— TASK BRIEF —
Output, exactly as written, the lines below from the one that has "2025年8月5日,在安徽省圖書館,古籍修復師臧春華將經過清洗的書葉晾幹。" through the one that has "Ongeopend, Ownant Toetsenbordlade, 65"; nothing else, and no pictures.

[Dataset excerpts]
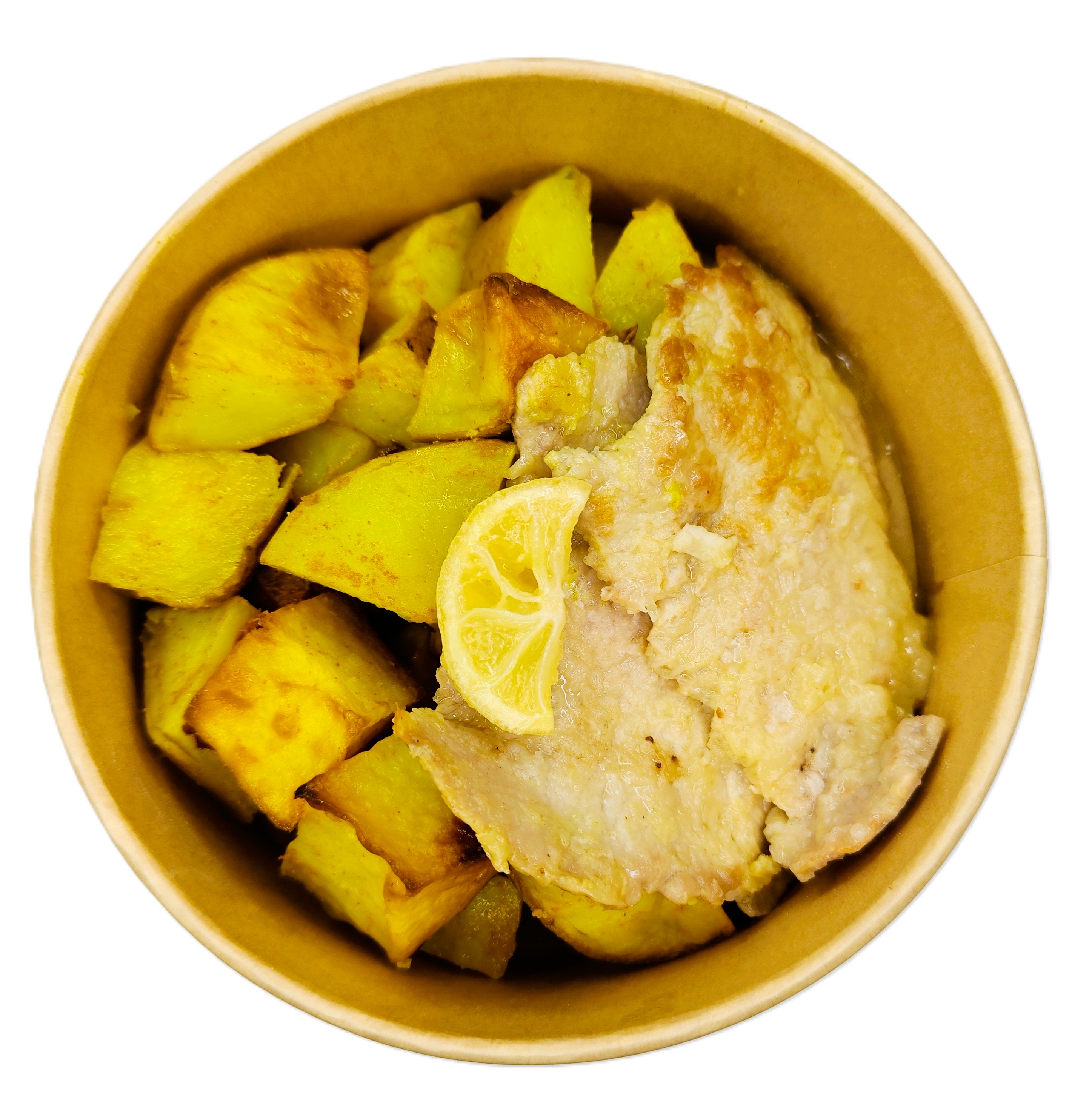 Lonza di maiale, limone, maizena, patate al forno.
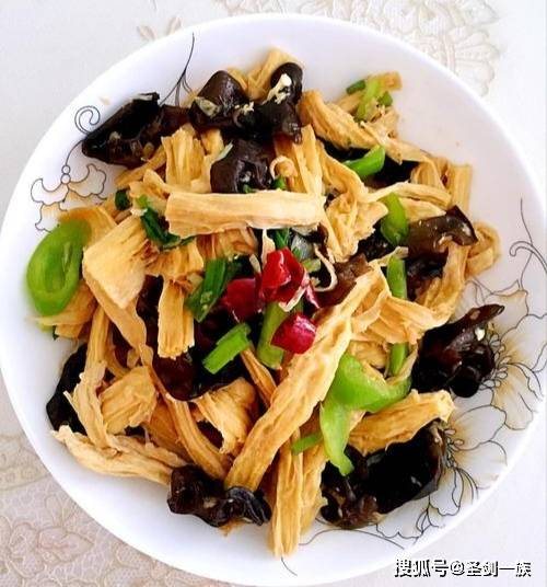 5. 加入腐竹和木耳:将焯过水的腐竹和黑木耳加入锅中,快速翻炒均匀。翻炒的过程中,火候不宜过大,以免食材过熟失去口感。
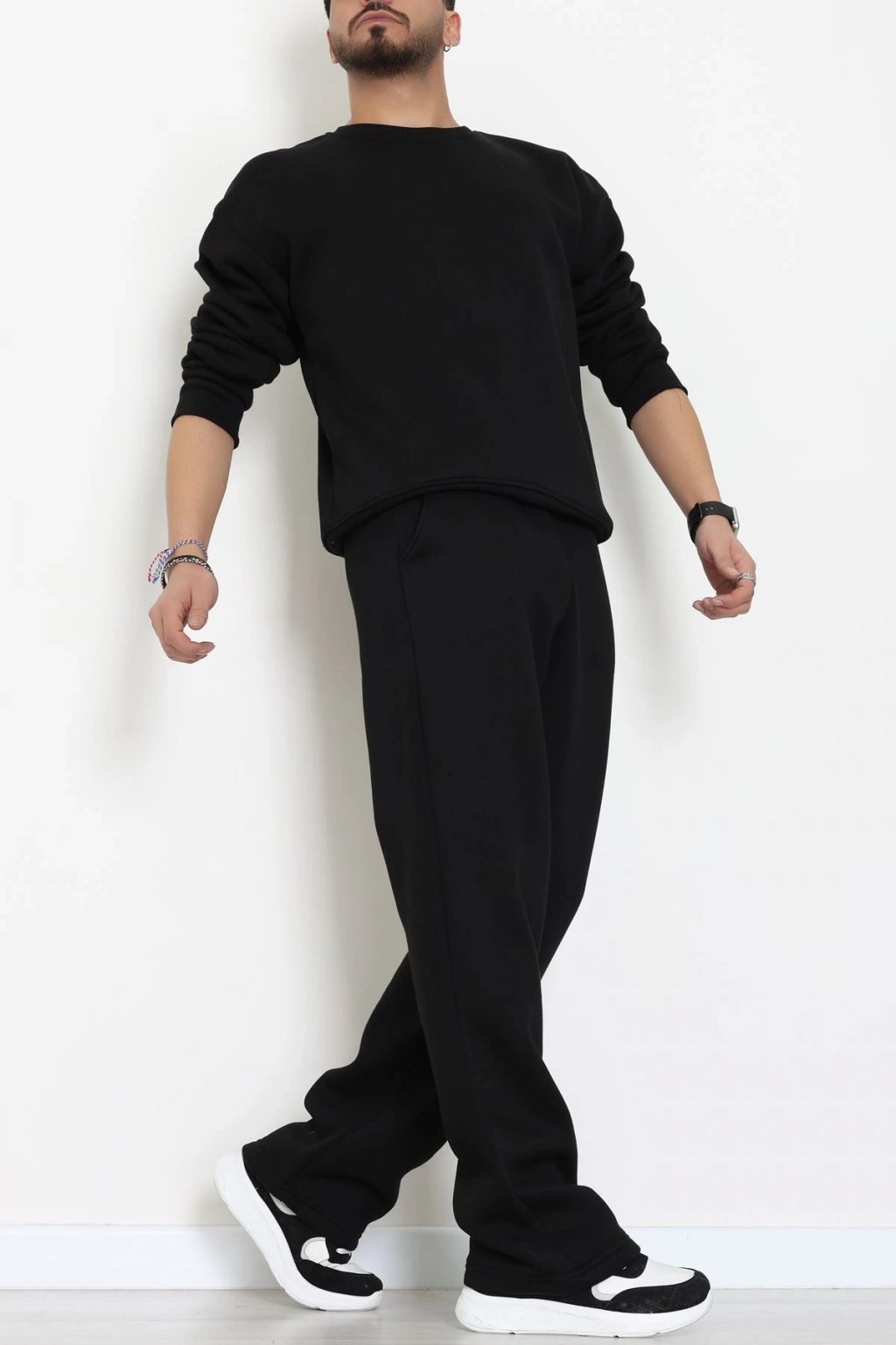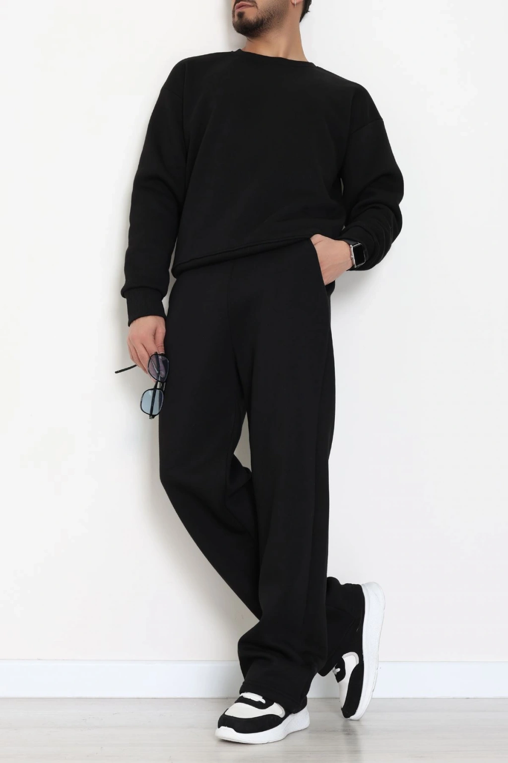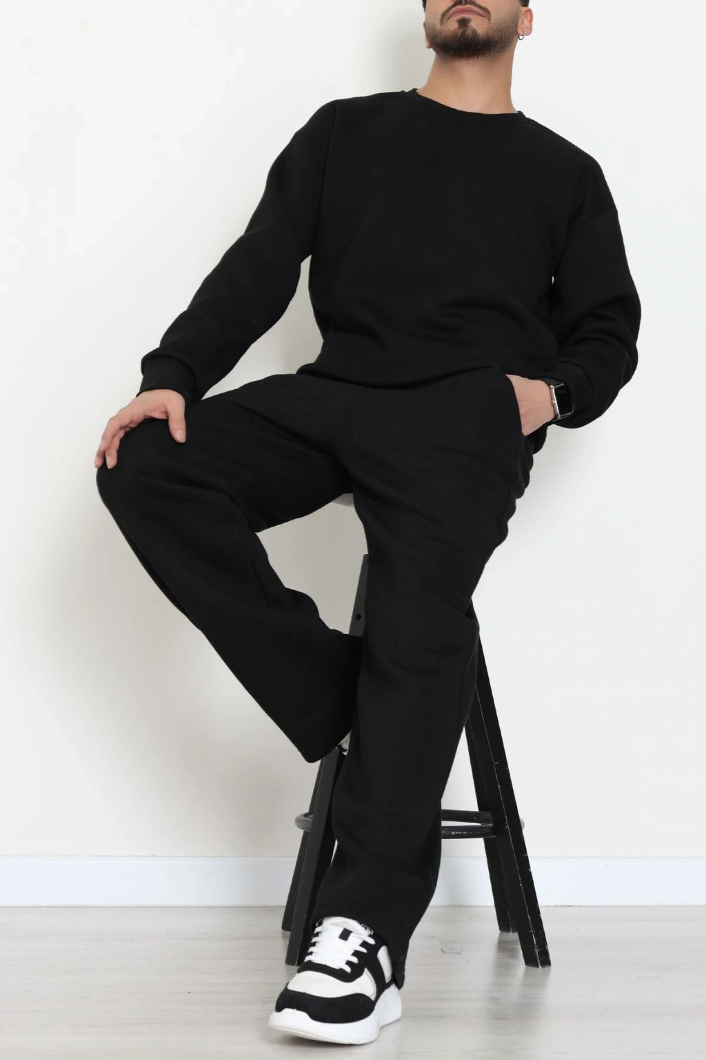 3 İplik Şardonlu Erkek Eşofman Takımı Siyah - 42614.1878.
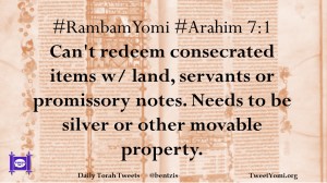#RambamYomi #Arahim 7:1 Can’t redeem consecrated items w/ land, servants or promissory notes. Needs to be silver or other movable property.
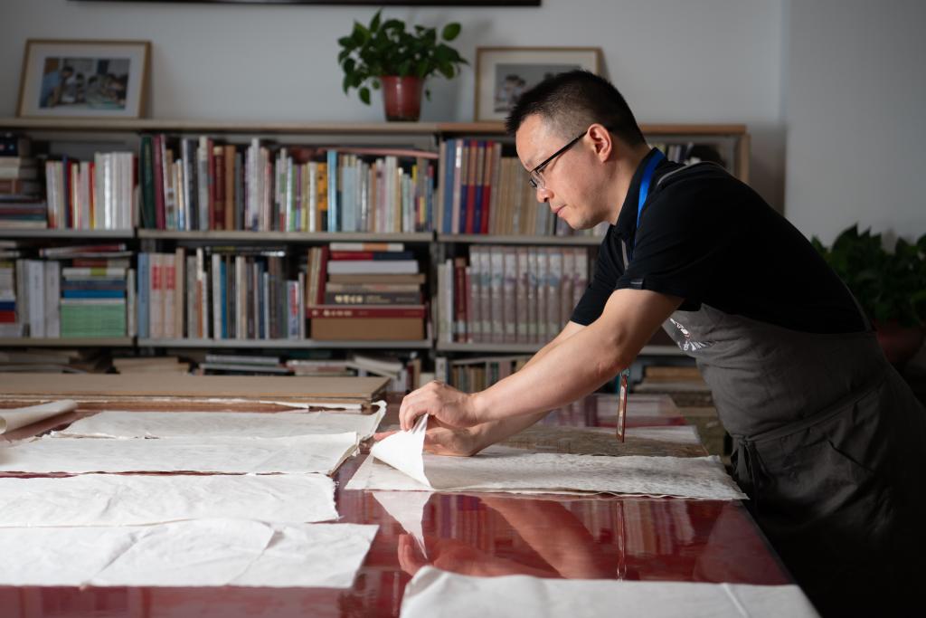 2025年8月5日,在安徽省圖書館,古籍修復師臧春華將經過清洗的書葉晾幹。
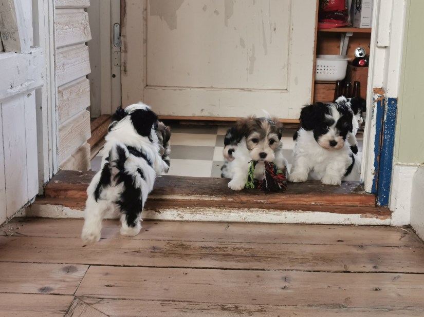 En efter en ”försvinner” valparna. Lite sorgligt men man känner ändå att de måste iväg och få den stimulans de behöver. Några söta bilder blev det dock.
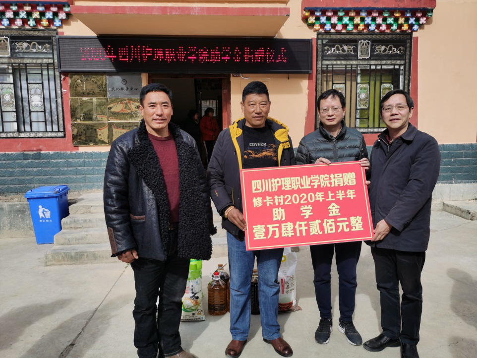 座谈会后,学院领导对驻村干部表示慰问,并向驻村干部赠送了米、油等慰问品。江涛书记、张志林副书记代表学院向修卡村捐赠了2020年上半年助学金1.42万元。
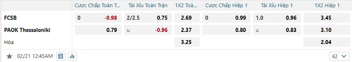 - Kèo tỷ số H2 FCSB vs PAOK: 0-0
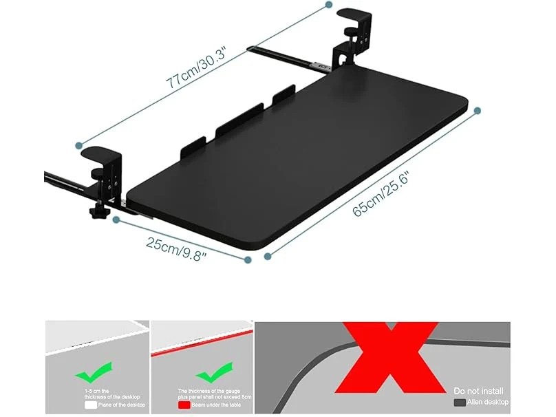 Ongeopend, Ownant Toetsenbordlade, 65 x 24 cm, toetsenbordlade, geen gaten, gestanst, pc-toetsenbord, uittrekbaar tot 30 kg (zwart), B0BG8C879V
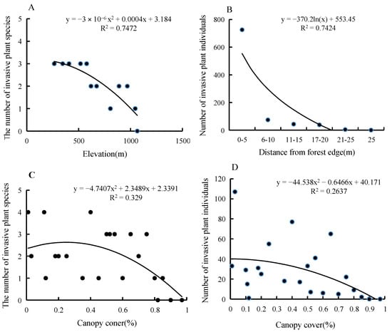 The relationship between the distribution characters and environmental factors. (A). The relationship between the number of invasive plant species and elevation; (B). The relationship between the number of invasive plant individuals and distance from forest edge; (C). The relationship between the number of invasive plant species and canopy coner; (D). The relationship between the number of invasive plant individuals and canopy cover.

— ANSWER SECTION —
 2025年8月5日,在安徽省圖書館,古籍修復師臧春華將經過清洗的書葉晾幹。
 En efter en ”försvinner” valparna. Lite sorgligt men man känner ändå att de måste iväg och få den stimulans de behöver. Några söta bilder blev det dock.
 座谈会后,学院领导对驻村干部表示慰问,并向驻村干部赠送了米、油等慰问品。江涛书记、张志林副书记代表学院向修卡村捐赠了2020年上半年助学金1.42万元。
 - Kèo tỷ số H2 FCSB vs PAOK: 0-0
 Ongeopend, Ownant Toetsenbordlade, 65 x 24 cm, toetsenbordlade, geen gaten, gestanst, pc-toetsenbord, uittrekbaar tot 30 kg (zwart), B0BG8C879V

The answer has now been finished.